At the beginning of this week we had our second calculus test. The test focused on the first derivative test, second derivative test, and how to find absolute maximums and minimums. Tuesday, we learned Extreme Value Theorem, Rolle's theorem, and Mean Value Theorem. Wednesday we started Optimization, Thursday we had a quiz on the theorems and at the end of the class through Friday we continued to learn and work problems using Optimization.

EVT:
a continuous function on a closed interval [a,b] must have both a mnimmum and a maximum on the interval; however, the maximum and minimum can occur at the endpoints.

Rolle's:
Let f be continuous on a closed interval [a,b] and differentiable on the open interval (a,b). If f(a)=f(b), then there is at least one number "c" in (a,b) such that f(c)=0.

MVT:
If f is continuous on the closed interval [a,b] and differentiable on the open interval (a,b), then there exists a number "c" in (a,b) such that f '(c)=f(b)-f(a)/b-a

Optimization is either streaching out an equation or simplifying it
The steps for optimization are:

1. Identify all given quantities and quantities to be determined. If possible, make a sketch.

2. Write a primary equation for the quantity that is to be maximized or minimized.

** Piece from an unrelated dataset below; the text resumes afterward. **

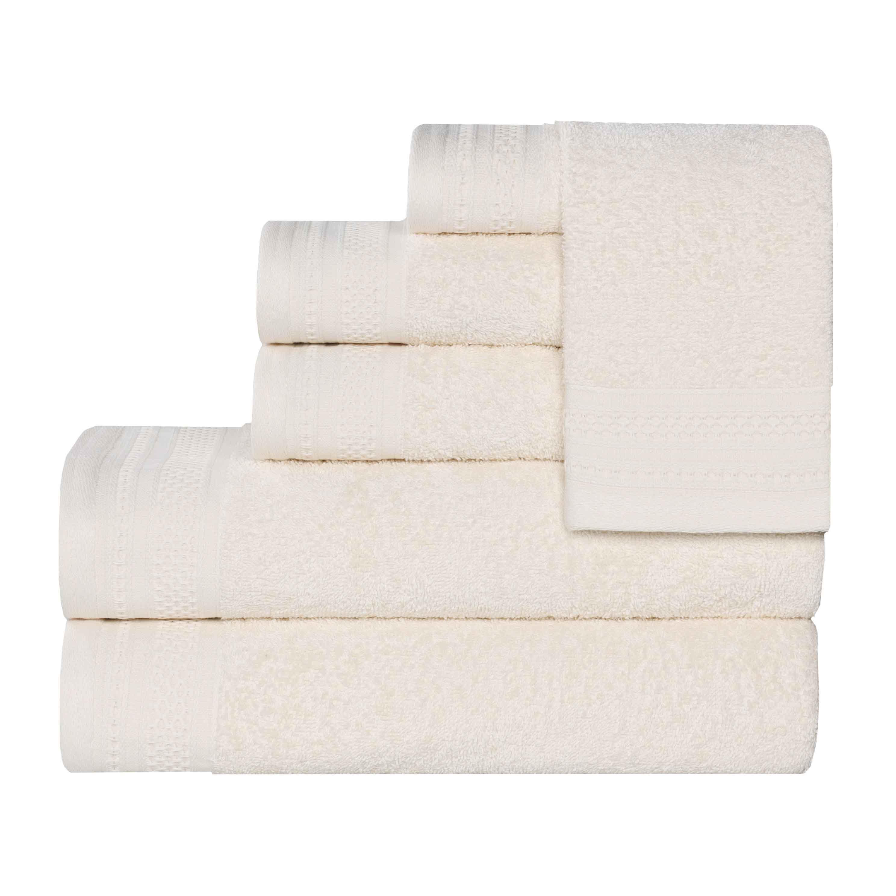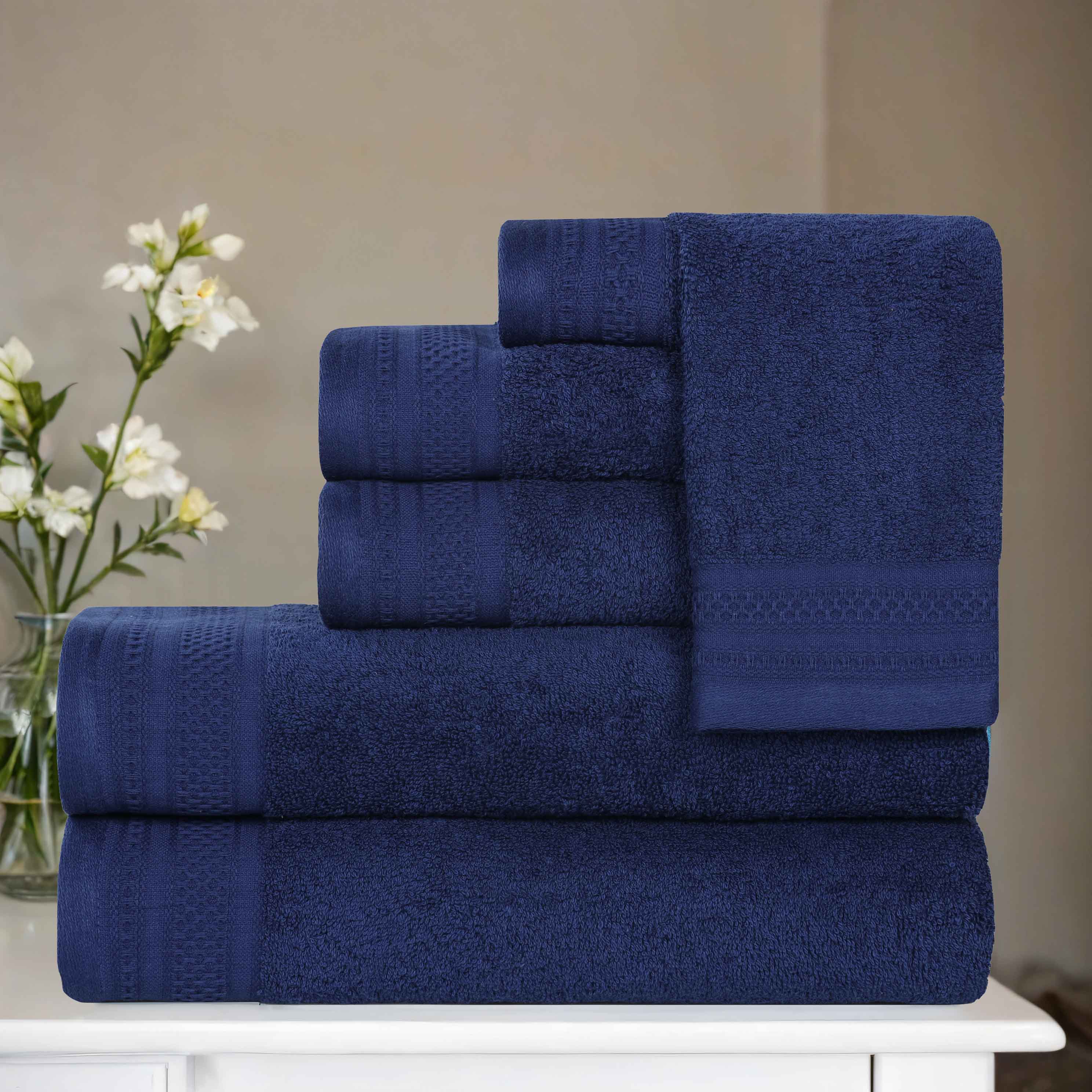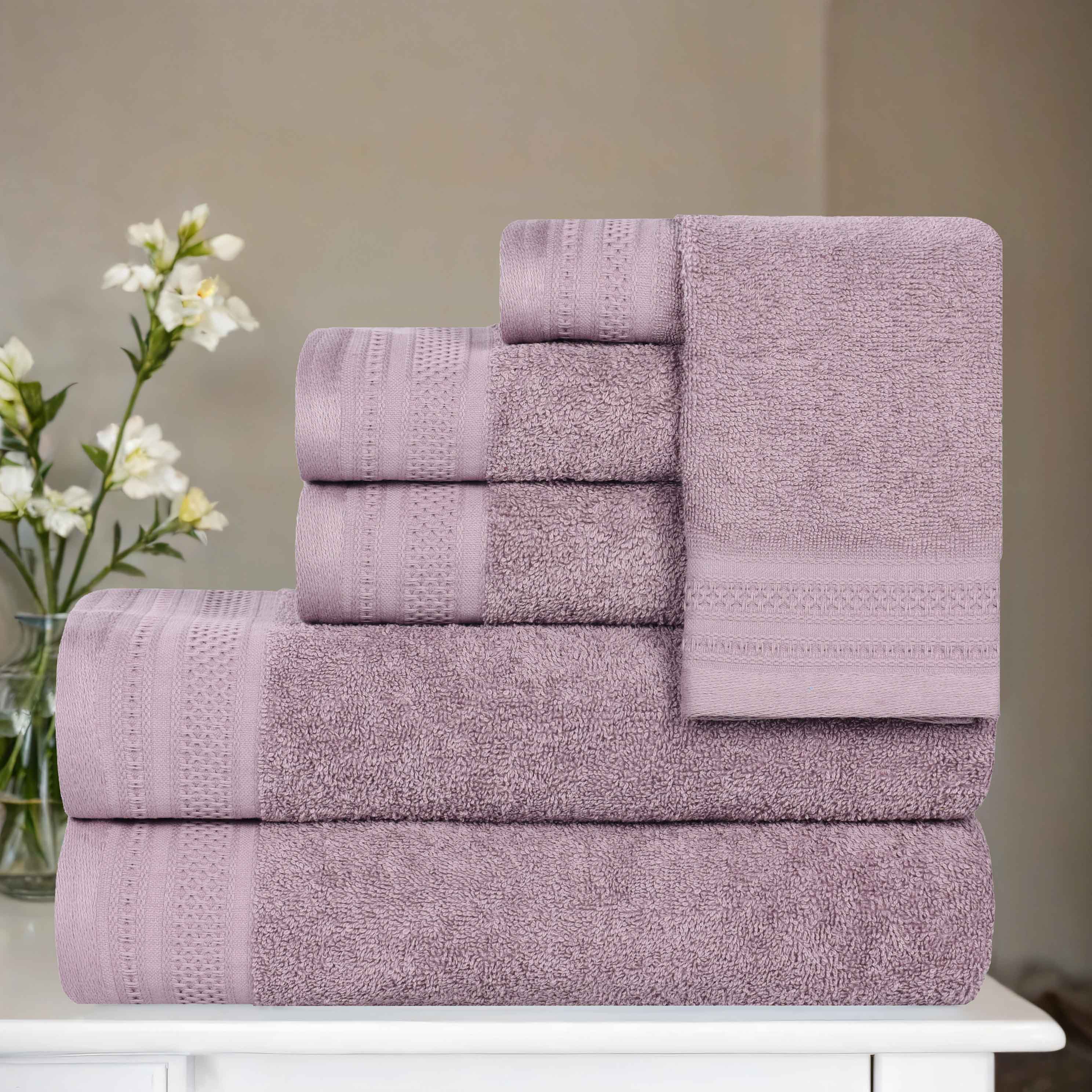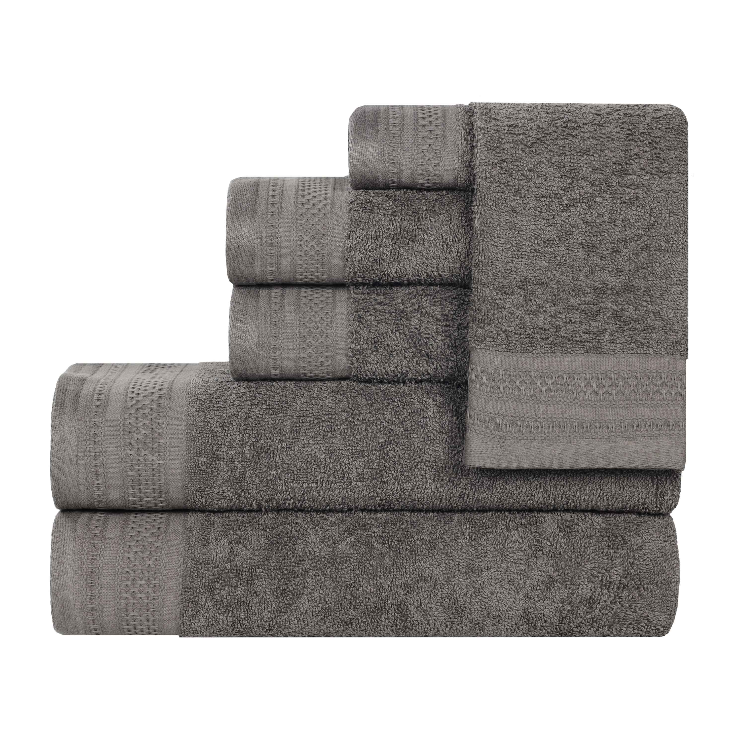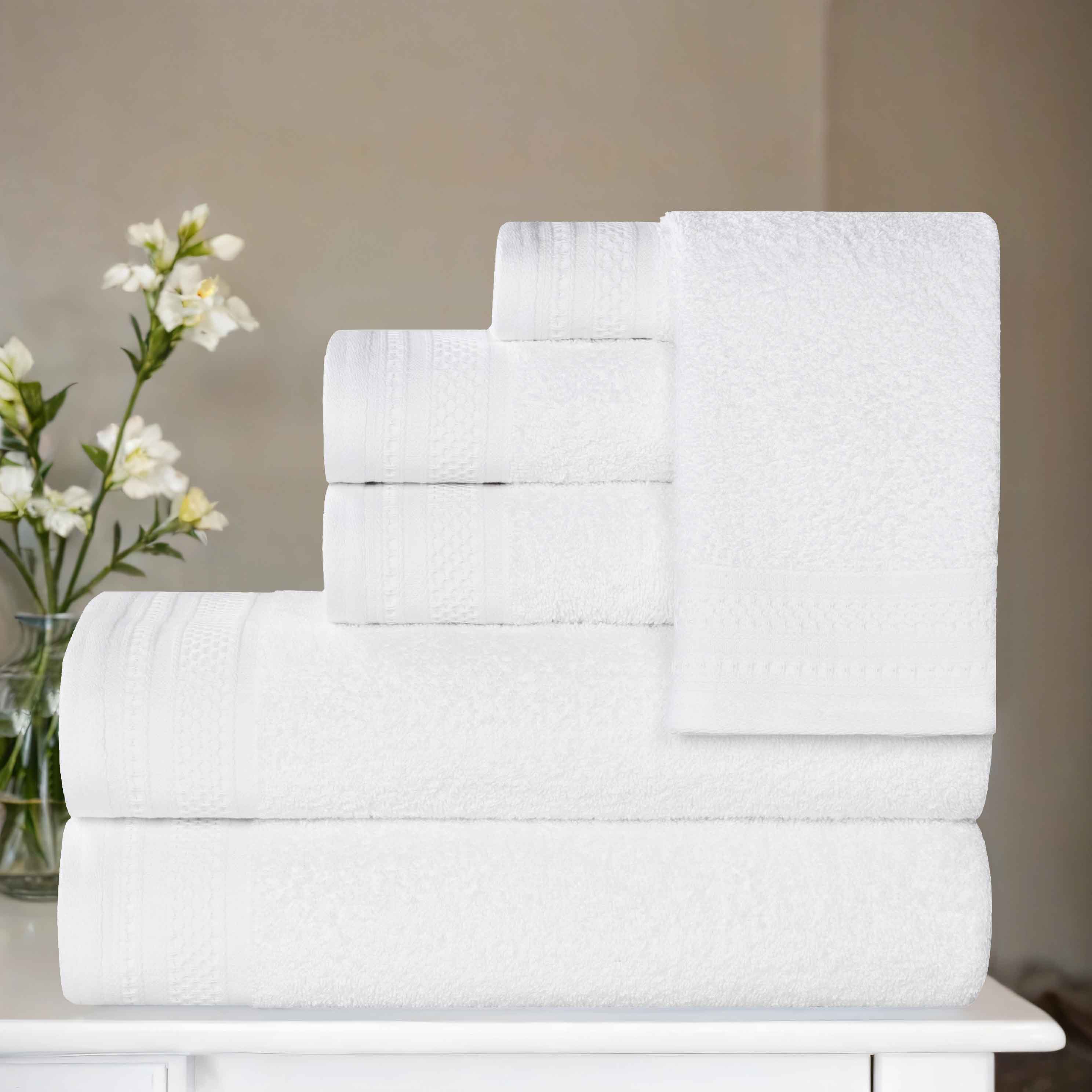Indulge in everyday luxury with our Honeycomb Waffle Border 6 Piece Towel Set. Crafted from 100% medium-weight cotton, these towels strike the perfect balance between plush comfort, superior absorbency, and long-lasting durability. The textured honeycomb border adds a touch of elegance, while the double-ply construction ensures quick drying and efficient moisture wicking. Transform your bathroom routine into a spa-like experience with this luxurious and functional set, available in a variety of colors to complement your decor.

3. Reduce the primary equation to one having a single independent variable. This may involve the use of secondary equations relating the independent variables of the primary equation.

4. Determine the feasible domain of the primary equation. That is, determine the values for which the stated problem makes sense.

5. Determine thedesired maximum or minimum value

I understand that I have to follow these steps, but I don't know when I'm finished a step. I get confused with when to use a primary or secondary equation and how to get these equations. Can someone please explain?